15        Dem Vorabentscheidungsersuchen ist zu entnehmen, dass sich nach der genannten Vorschrift nicht operative Unternehmen ein in ihrer Erklärung ausgewiesenes Mehrwertsteuerguthaben, das sich u. a. aus einem abzugsfähigen Mehrwertsteuerbetrag ergibt, der die vereinnahmte Mehrwertsteuer übersteigt, nicht erstatten lassen können. Auch eine Verrechnung oder Übertragung dieses Guthabens scheide aus. Das Guthaben könne dann auf die für die folgenden Besteuerungszeiträume geschuldete Mehrwertsteuer angerechnet werden. Erziele ein nicht operatives Unternehmen jedoch in drei aufeinanderfolgenden Besteuerungszeiträumen keine für die Zwecke der Mehrwertsteuer relevanten Umsätze mindestens in Höhe der genannten Einnahmeschwelle, könne das Guthaben nicht mehr vorgetragen werden. Das Unternehmen verliere damit das Recht auf Vorsteuerabzug.

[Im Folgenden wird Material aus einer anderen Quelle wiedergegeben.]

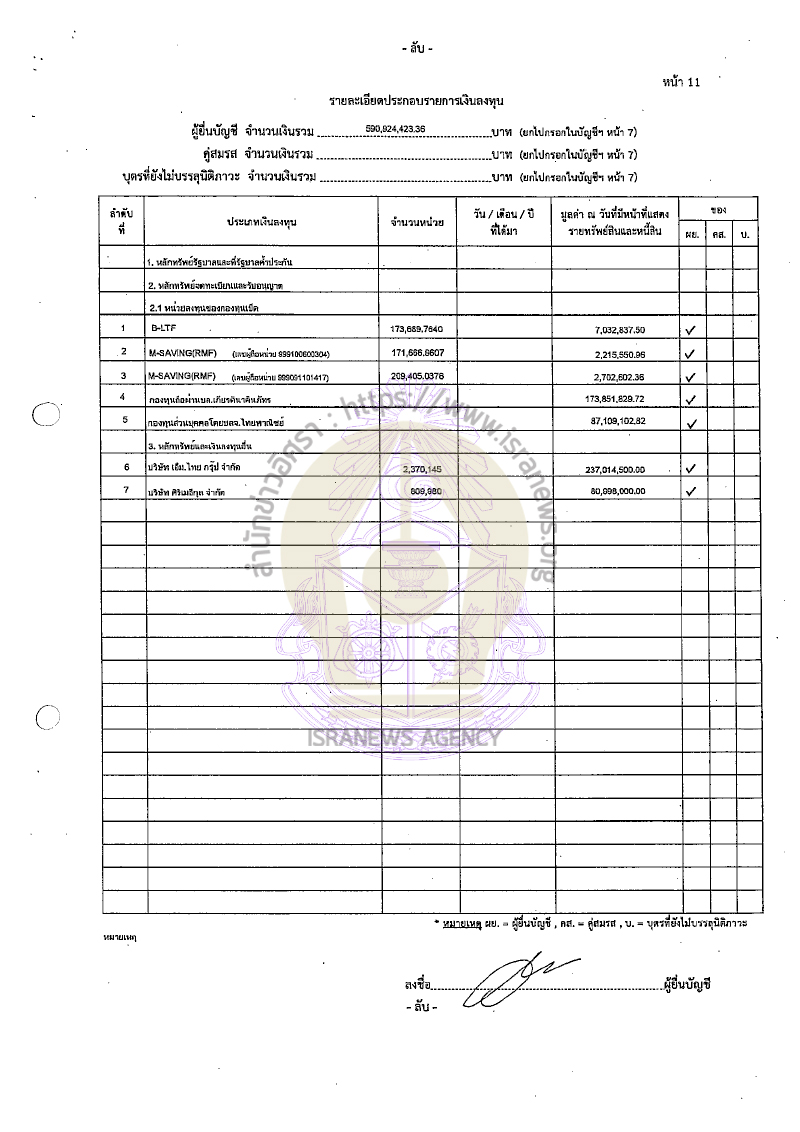 จากการตรวจสอบรายละเอียด พบว่า เงินลงทุน 7 รายการ 590,924,423.35 บาท แบ่งเป็นเงินลงทุนในกองทุน 5 รายการ และยังมีกรลงทุนในบริษัท 2 แห่ง คือ บริษัท เอ็ม.ไทย กรุ๊ป จำกัด มูลค่า 237,014,500 บาท บริษัท ศิริเมธีกุล จำกัด 80,998,000 บาท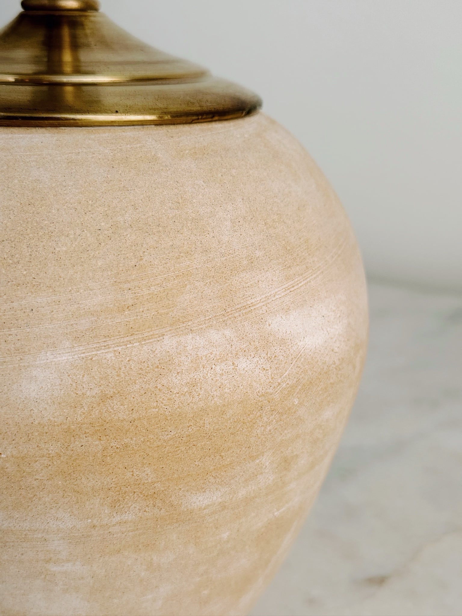 | Material | Ceramic with raw finish. Brass hardware and fabric cord. |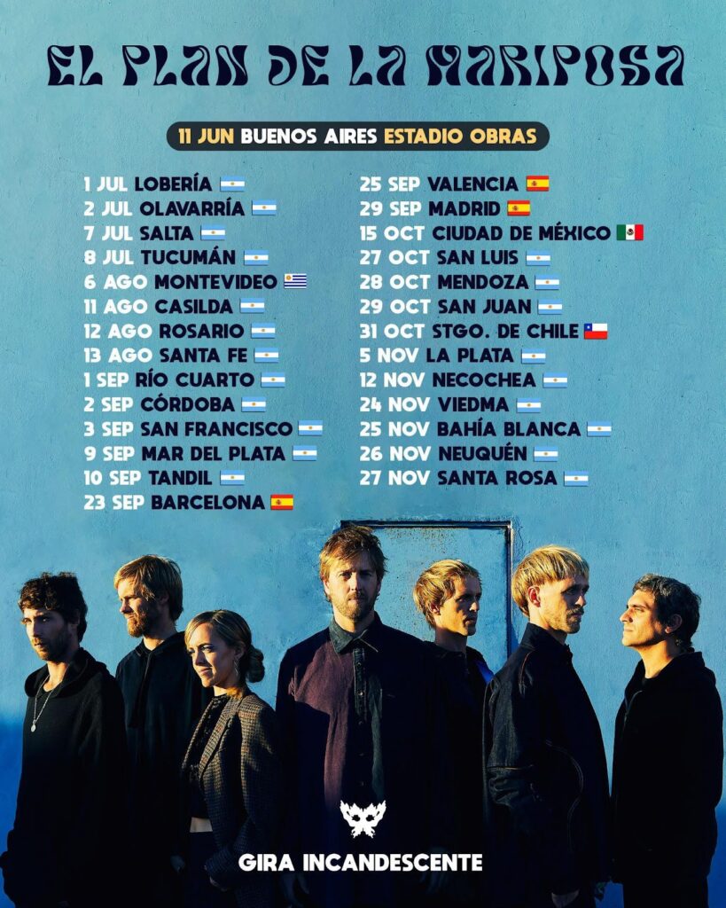 El Plan de la Mariposa viene de tocar el pasado 11 de junio, por segunda vez en su historia, en el mítico estadio Obras Sanitarias donde agotaron las localidades .“Fue muy loco, es como un punto de llegada y un punto de partida a la vez, una fecha que era bisagra y muy importante para nosotros, como puntapié de la gira de este año, una gira muy intensa”, resumió Santiago Andersen, violinista y artista visual del grupo oriundo de Necochea.

16        Unter diesen Umständen fragt sich das vorlegende Gericht erstens, ob einem Unternehmen, das für die Zwecke der Mehrwertsteuer relevante Umsätze bewirkt, ohne jedoch die in der in Rede stehenden italienischen Regelung vorgesehene Einnahmeschwelle zu erreichen, die Eigenschaft als Steuerpflichtiger und damit das Recht auf Vorsteuerabzug versagt werden kann, wenn dieses Unternehmen nicht nachweist, dass objektive Umstände die Erzielung von über diesem Schwellenwert liegenden Einnahmen unmöglich gemacht haben. Das Gericht hegt insoweit Zweifel an der Vereinbarkeit einer solchen Praxis mit Art. 9 Abs. 1 der Mehrwertsteuerrichtlinie, dem im Wesentlichen zu entnehmen ist, dass sich die Eigenschaft als Steuerpflichtiger daraus ergibt, dass das Rechtssubjekt, das sich auf diese Eigenschaft beruft, eine wirtschaftliche Tätigkeit ausübt.

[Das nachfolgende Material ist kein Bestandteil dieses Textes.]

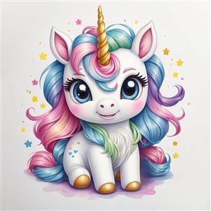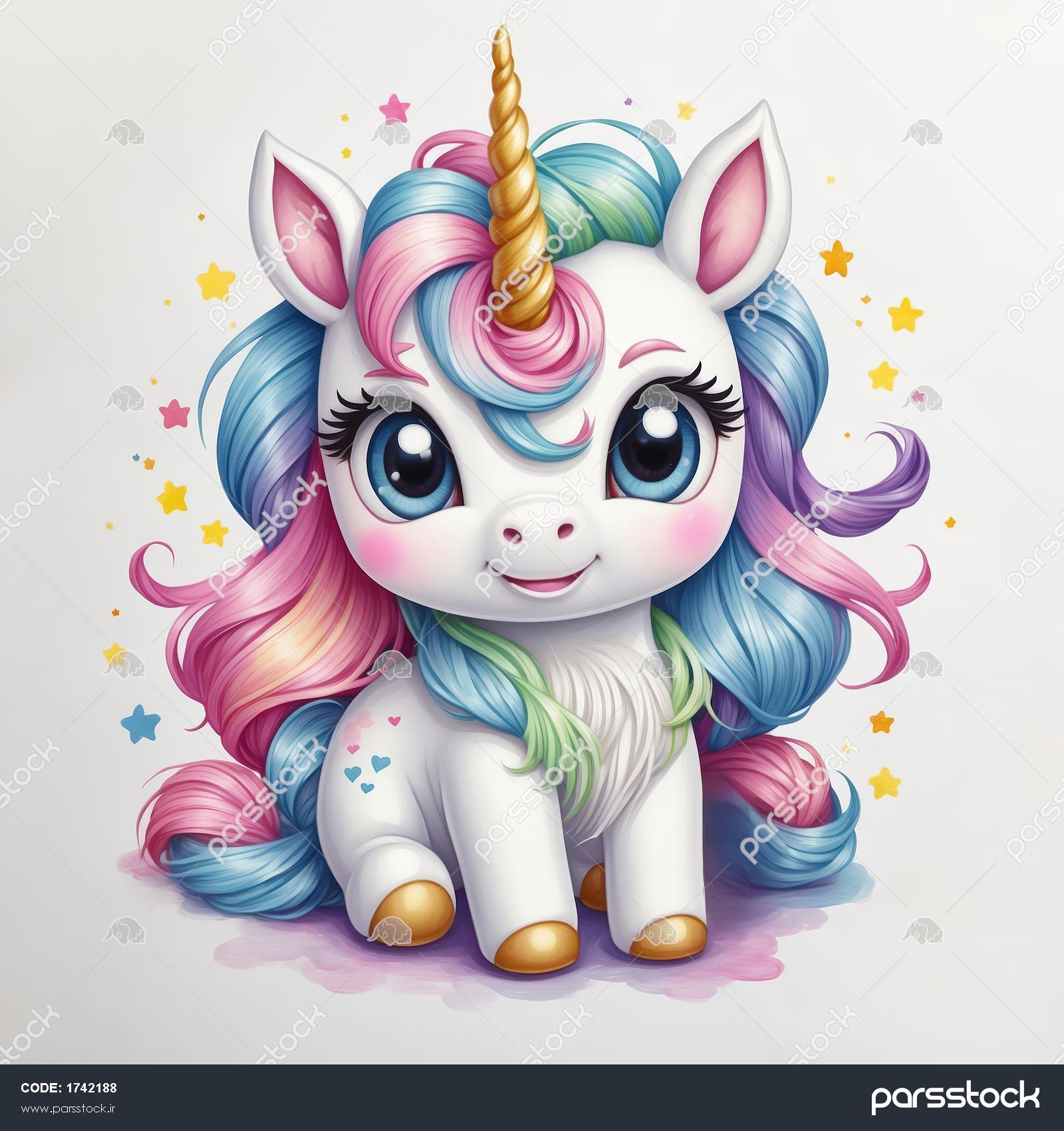 تصویر یونیکورن عروسکی با موهای بافته‌شده رنگین‌کمان و اکلیل‌های طلایی

17        Zweitens fragt sich das vorlegende Gericht, ob die in Rede stehende italienische Regelung mit Art. 167 der Mehrwertsteuerrichtlinie sowie mit dem Grundsatz der Neutralität der Mehrwertsteuer und dem Grundsatz der Verhältnismäßigkeit vereinbar ist. Es weist darauf hin, dass zwar die Bekämpfung von Betrug, Steuerhinterziehung und etwaigen Missbräuchen ein Ziel sei, das von der Mehrwertsteuerrichtlinie anerkannt und gefördert werde, dass die von den Mitgliedstaaten erlassenen Maßnahmen aber nicht über das hinausgehen dürften, was zur Erreichung dieses Ziels erforderlich sei, und insbesondere nicht so eingesetzt werden dürften, dass sie systematisch den Grundsatz der Neutralität der Mehrwertsteuer in Frage stellten.

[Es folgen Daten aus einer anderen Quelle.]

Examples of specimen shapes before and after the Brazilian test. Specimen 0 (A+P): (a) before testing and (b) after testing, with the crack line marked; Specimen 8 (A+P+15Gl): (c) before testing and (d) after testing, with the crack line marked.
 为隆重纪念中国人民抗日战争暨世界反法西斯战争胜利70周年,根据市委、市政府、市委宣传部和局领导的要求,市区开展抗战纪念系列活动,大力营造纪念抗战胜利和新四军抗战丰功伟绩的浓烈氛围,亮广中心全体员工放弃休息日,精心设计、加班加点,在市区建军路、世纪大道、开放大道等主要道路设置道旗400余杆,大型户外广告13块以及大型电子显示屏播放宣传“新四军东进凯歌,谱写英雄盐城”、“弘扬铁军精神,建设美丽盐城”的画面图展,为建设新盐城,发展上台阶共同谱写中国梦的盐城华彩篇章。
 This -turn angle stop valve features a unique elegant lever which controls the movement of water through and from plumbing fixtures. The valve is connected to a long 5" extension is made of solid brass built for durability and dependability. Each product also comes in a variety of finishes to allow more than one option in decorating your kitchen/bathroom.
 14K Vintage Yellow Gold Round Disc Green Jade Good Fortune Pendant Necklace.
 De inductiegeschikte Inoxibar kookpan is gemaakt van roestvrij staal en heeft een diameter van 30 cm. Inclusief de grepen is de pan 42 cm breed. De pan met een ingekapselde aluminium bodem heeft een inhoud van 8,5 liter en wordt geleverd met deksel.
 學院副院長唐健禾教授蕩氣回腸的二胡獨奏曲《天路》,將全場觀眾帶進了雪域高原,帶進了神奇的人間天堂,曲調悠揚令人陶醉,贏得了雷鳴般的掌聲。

18        Drittens fragt sich das vorlegende Gericht, ob die in Art. 30 des Gesetzes Nr. 724/1994 vorgesehenen Beschränkungen des Rechts auf Vorsteuerabzug als Verstoß gegen die Grundsätze der Rechtssicherheit und des Vertrauensschutzes anzusehen sind. Ein Steuerpflichtiger könnte nämlich, wenn er eine wirtschaftliche Tätigkeit ausführe, nicht mit Sicherheit wissen, ob dieser Umsatz ein Recht auf Vorsteuerabzug oder auf Mehrwertsteuererstattung begründen könne, da die Ausübung dieser Rechte davon abhängen werde, dass er in einem bestimmten Besteuerungszeitraum eine Einnahmenhöhe erzielt habe, die den in der fraglichen italienischen Regelung vorgesehenen Schwellenwert übersteige.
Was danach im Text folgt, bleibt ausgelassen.